• [WORK ITEM]:
In the listing below, find the line with "又过了一周,小张的症状没有好" and copy every line from there up to and including the line with "un on the fan", exactly and without pictures.

• [DATA EXCERPTS]:
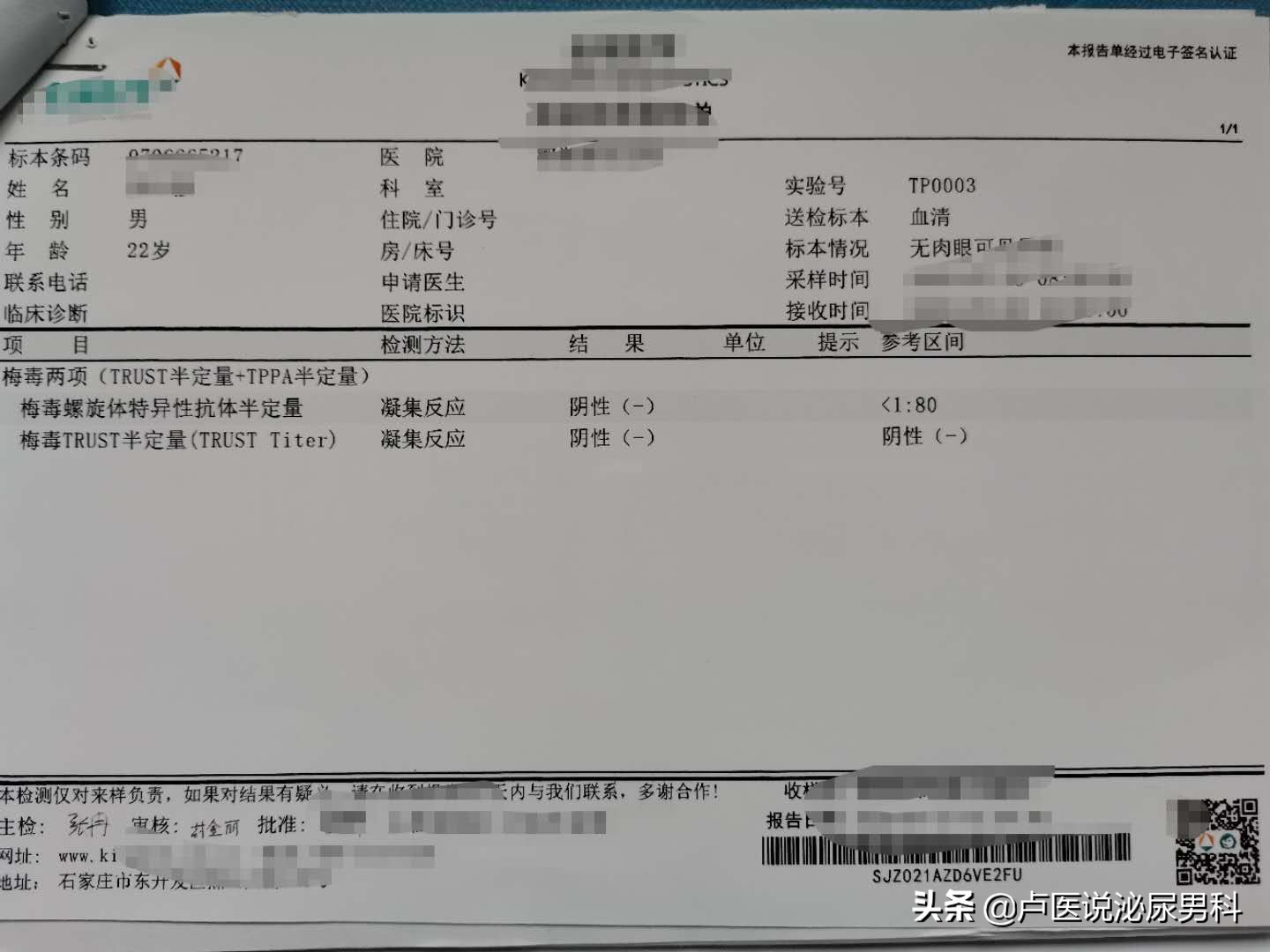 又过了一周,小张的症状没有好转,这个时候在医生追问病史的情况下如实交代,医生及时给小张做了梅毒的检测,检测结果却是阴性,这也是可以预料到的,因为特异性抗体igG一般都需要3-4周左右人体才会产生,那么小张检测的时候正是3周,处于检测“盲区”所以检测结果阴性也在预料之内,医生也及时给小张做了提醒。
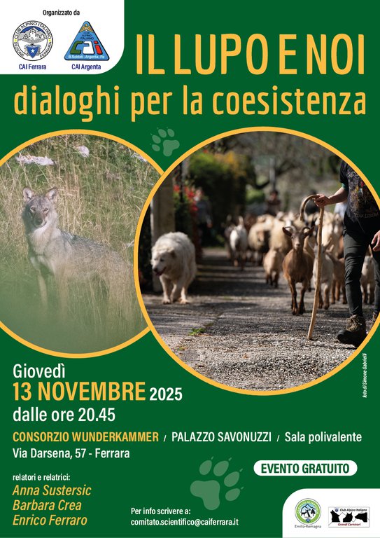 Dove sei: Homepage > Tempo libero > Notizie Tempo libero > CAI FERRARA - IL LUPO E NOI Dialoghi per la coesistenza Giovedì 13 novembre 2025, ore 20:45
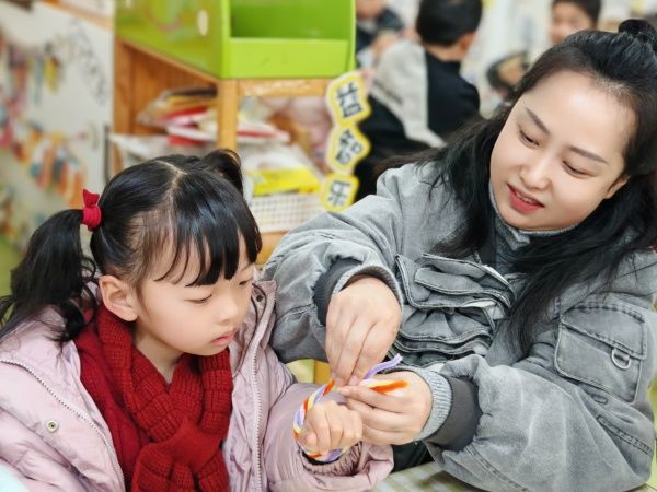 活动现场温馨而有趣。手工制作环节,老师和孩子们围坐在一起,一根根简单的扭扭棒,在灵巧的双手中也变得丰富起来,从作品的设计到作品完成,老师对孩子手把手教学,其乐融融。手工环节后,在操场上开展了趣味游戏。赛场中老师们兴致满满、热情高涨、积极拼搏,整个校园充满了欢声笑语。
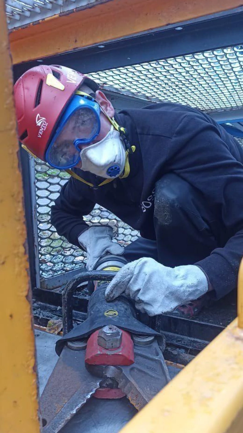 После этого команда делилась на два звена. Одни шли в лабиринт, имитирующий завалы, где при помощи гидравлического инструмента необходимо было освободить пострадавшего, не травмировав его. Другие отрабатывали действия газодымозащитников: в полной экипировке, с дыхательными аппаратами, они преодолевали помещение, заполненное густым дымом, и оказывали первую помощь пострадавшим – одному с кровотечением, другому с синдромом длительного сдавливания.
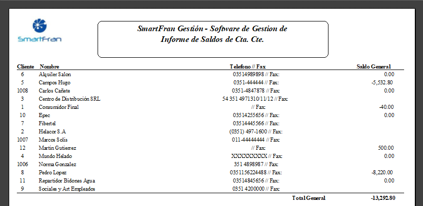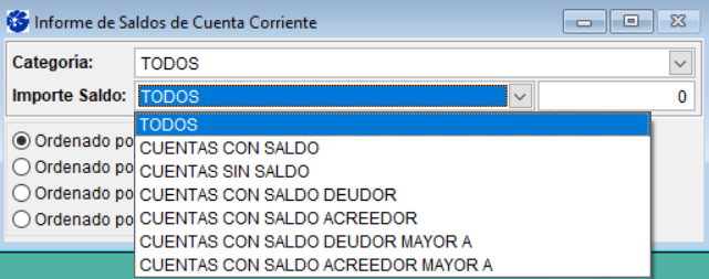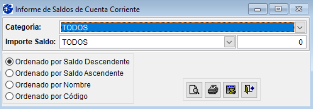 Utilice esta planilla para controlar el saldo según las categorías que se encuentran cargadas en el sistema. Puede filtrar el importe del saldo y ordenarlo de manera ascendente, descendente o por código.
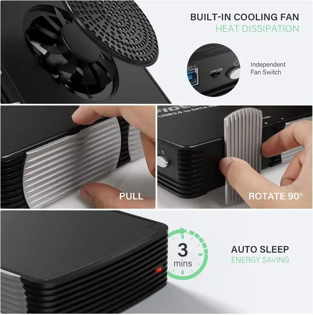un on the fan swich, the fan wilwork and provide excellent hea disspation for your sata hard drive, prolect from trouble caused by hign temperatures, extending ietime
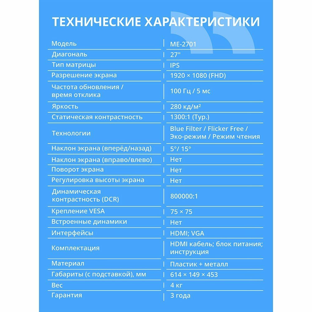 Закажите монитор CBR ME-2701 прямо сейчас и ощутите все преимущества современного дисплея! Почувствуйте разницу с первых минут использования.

==

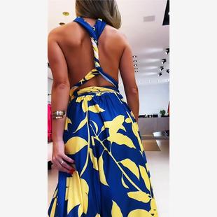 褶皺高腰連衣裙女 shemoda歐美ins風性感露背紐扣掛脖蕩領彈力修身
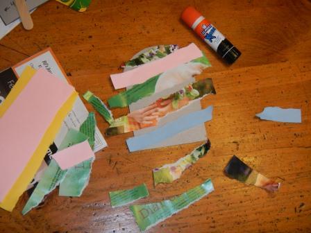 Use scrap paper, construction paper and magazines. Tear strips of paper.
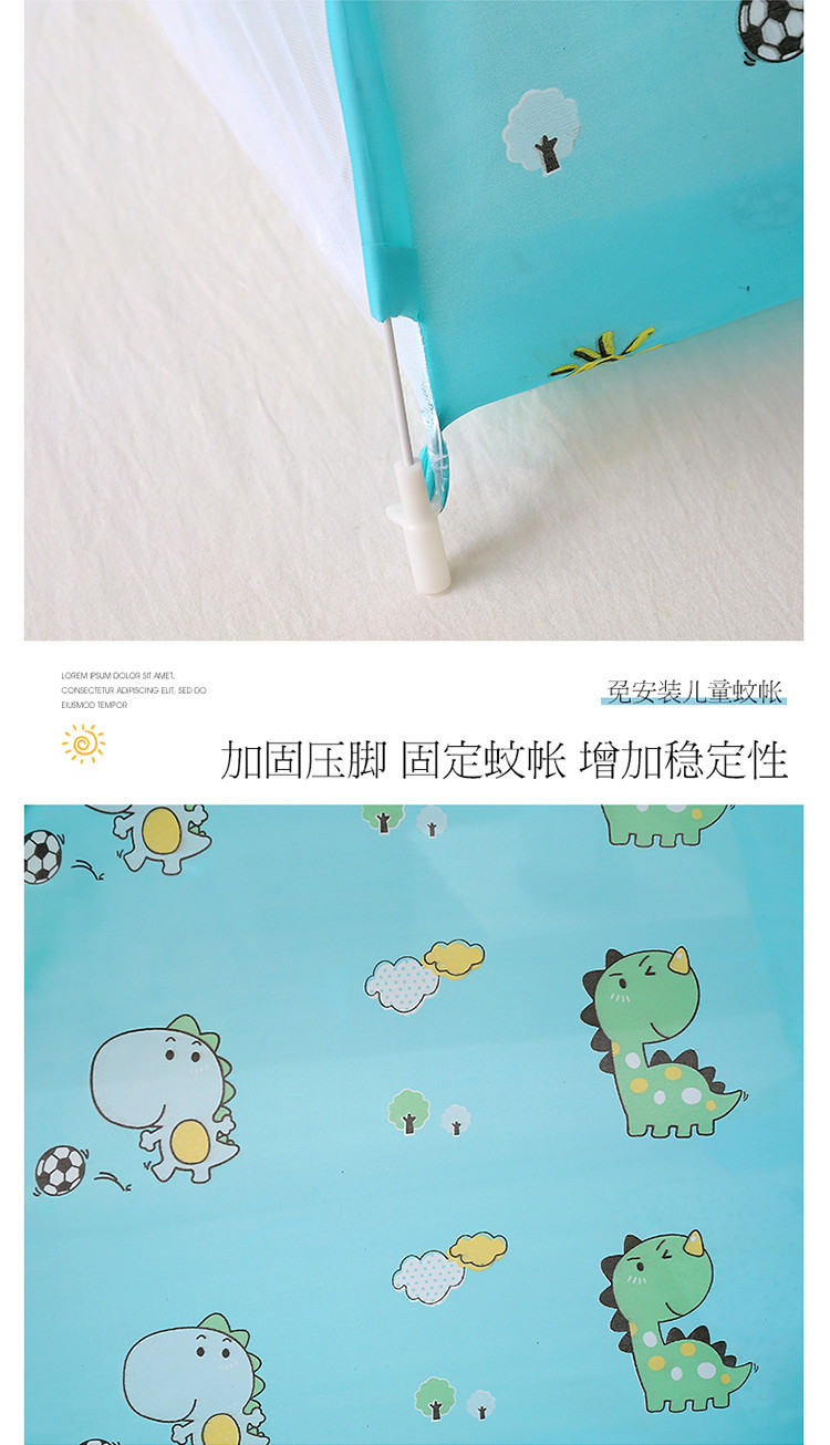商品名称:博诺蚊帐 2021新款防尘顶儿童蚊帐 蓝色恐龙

---

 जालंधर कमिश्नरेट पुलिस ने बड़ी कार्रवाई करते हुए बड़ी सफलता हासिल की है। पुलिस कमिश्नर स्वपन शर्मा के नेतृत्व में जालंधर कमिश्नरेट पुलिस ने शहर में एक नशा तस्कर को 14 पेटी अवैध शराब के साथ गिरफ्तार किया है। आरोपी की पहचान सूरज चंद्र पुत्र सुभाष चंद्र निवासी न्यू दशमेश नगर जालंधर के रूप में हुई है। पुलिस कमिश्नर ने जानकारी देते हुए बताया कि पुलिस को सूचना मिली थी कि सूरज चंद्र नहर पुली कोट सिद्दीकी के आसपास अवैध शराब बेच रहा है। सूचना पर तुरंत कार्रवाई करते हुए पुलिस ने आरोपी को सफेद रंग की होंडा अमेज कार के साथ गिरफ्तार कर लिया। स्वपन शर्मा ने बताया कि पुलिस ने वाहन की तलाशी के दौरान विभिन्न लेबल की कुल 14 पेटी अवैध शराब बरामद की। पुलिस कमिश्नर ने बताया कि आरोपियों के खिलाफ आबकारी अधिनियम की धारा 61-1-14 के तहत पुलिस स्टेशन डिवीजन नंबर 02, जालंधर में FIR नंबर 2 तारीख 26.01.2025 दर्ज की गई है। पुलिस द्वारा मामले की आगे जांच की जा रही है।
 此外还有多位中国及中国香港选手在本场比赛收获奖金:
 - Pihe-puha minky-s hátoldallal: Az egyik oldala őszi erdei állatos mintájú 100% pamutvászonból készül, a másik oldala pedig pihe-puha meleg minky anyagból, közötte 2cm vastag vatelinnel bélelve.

• [OUTPUT OF THE TASK]:
 又过了一周,小张的症状没有好转,这个时候在医生追问病史的情况下如实交代,医生及时给小张做了梅毒的检测,检测结果却是阴性,这也是可以预料到的,因为特异性抗体igG一般都需要3-4周左右人体才会产生,那么小张检测的时候正是3周,处于检测“盲区”所以检测结果阴性也在预料之内,医生也及时给小张做了提醒。
 Dove sei: Homepage > Tempo libero > Notizie Tempo libero > CAI FERRARA - IL LUPO E NOI Dialoghi per la coesistenza Giovedì 13 novembre 2025, ore 20:45
 活动现场温馨而有趣。手工制作环节,老师和孩子们围坐在一起,一根根简单的扭扭棒,在灵巧的双手中也变得丰富起来,从作品的设计到作品完成,老师对孩子手把手教学,其乐融融。手工环节后,在操场上开展了趣味游戏。赛场中老师们兴致满满、热情高涨、积极拼搏,整个校园充满了欢声笑语。
 После этого команда делилась на два звена. Одни шли в лабиринт, имитирующий завалы, где при помощи гидравлического инструмента необходимо было освободить пострадавшего, не травмировав его. Другие отрабатывали действия газодымозащитников: в полной экипировке, с дыхательными аппаратами, они преодолевали помещение, заполненное густым дымом, и оказывали первую помощь пострадавшим – одному с кровотечением, другому с синдромом длительного сдавливания.
 Utilice esta planilla para controlar el saldo según las categorías que se encuentran cargadas en el sistema. Puede filtrar el importe del saldo y ordenarlo de manera ascendente, descendente o por código.
un on the fan swich, the fan wilwork and provide excellent hea disspation for your sata hard drive, prolect from trouble caused by hign temperatures, extending ietime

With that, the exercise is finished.